Une belle journée pékinoise, ensoleillée. Le printemps arrive. Au vieil Institut des Beaux-Arts dans le centre ville, une vigne morte reste agrippée aux murs grisâtres. Autour, les immeubles et les tours menacent ce qui ressemble de plus en plus à un navire échoué. On lui donne quelques semaines. Cadenassé, abandonné. Nous sommes là pour repérer un lieu d’interview pour Fei Dawei, lui qui en a été diplômé et même tout jeune enseignant avant de partir s’installer en France. Ironiquement, l’administration du Beijing Hospital a investi les salles de classe et les bureaux des profs. Renvoyés vers l’administration centrale de l’hôpital, nous déambulons avec Zhimin à travers d’immenses couloirs jusqu’au Bureau de la Propagande indiqué. 11h30, porte fermée. Au bout de cinq minutes, un type en ressort et nous dit de revenir après la pause déjeuner vers 13h30… Du coup, nous allons déjeuner au Made in China, le resto du Hyatt se trouvant juste à côté. Le coin a bien changé : jadis entrelacs de hutongs sinueux (les ruelles traditionnelles pékinoises) et de maisons basses, aujourd’hui quadrillage de larges rues et hautes tours. Mais la rue de l’Institut des Beaux-Arts a gardé l’appellation hutong. Ils sont vraiment trop forts !
Bref, après le déjeuner, l’administration, égale à elle-même, nous donnera un veto de principe.
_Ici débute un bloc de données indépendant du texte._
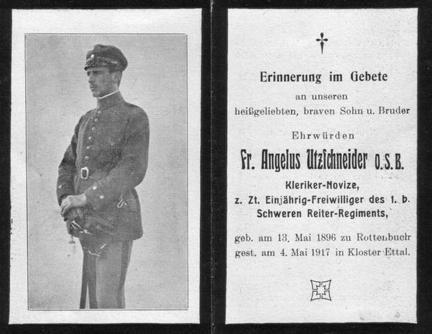 Fr. Angelus Utzschneider O.S.B. geb.: 13.05.1896 - Rottenbuch gef.: 04.05.1917 - Kloster Ettal Grabstätte: ?

Derrière les paravents de la Concession française

12 mars 2009

Pearl Lam

Nous retrouverons les toiles et les portes sculptées de Zhang Huan chez Pearl Lam, l’une des personnalités les plus excentriques de l’art contemporain à Shanghai. Voici une très belle femme, filiforme et savamment ébouriffée, perchée sur des talons à plateforme et qui vit en étage élevé d’un luxueux condominium de la Concession Française. Dans son immense appartement envahi d’art contemporain, les stars du design côtoient celles de l’avant-garde chinoise. Un fauteuil de Ron Arad fricote avec une sculpture de Xu Tiange. Tout est « hyper». Hongkongaise, elle parle un anglais très british avec une voix cassée comme les Italiennes. Pearl Lam est connue pour son rôle de galeriste mécène mais aussi pour ses dîners aussi mondains qu’extravagants où le tout-Shanghai se retrouve dans son salon.
Pearl Lam

L’interview démarre mal : nous arrivons avec 30 minutes de retard en piétinant dans nos protège-semelles en plastique pour ne pas salir le parquet, et je démarre avec une question sur ce que notre hôte aurait appelé la « techno-électro révolution ». Sacrilège! Comment aurait-elle pu écrire une chose pareille (…?) Nous passons. Franche, passionnée, amoureuse et révoltée, Pearl Lam se livre sans chichis et s’avère l’une des rares à spontanément pointer un certain manque de confiance en eux des Chinois. Bingo. Bon, nous passons finalement un bon moment ensemble, sûrement trop court, forcément trop court.

Factory shanghaienne ?

10 mars 2009

Zhang Huan

Un seul rendez-vous avait été fixé à l’avance. Celui de Zhang Huan, artiste à la légende sulfureuse. Nous avions dû partir tôt le matin pour nous enfoncer dans l’improbable banlieue shanghaienne et donc nous perdre (comment faire autrement?) au milieu des résidences privées néoclassique d’un goût incertain, au milieu des chantiers poussiéreux et des hangars d’on ne sait quoi mais bref, au milieu d’une sorte de campagne en sursis, raptée par des envies de ville et de brusque modernité.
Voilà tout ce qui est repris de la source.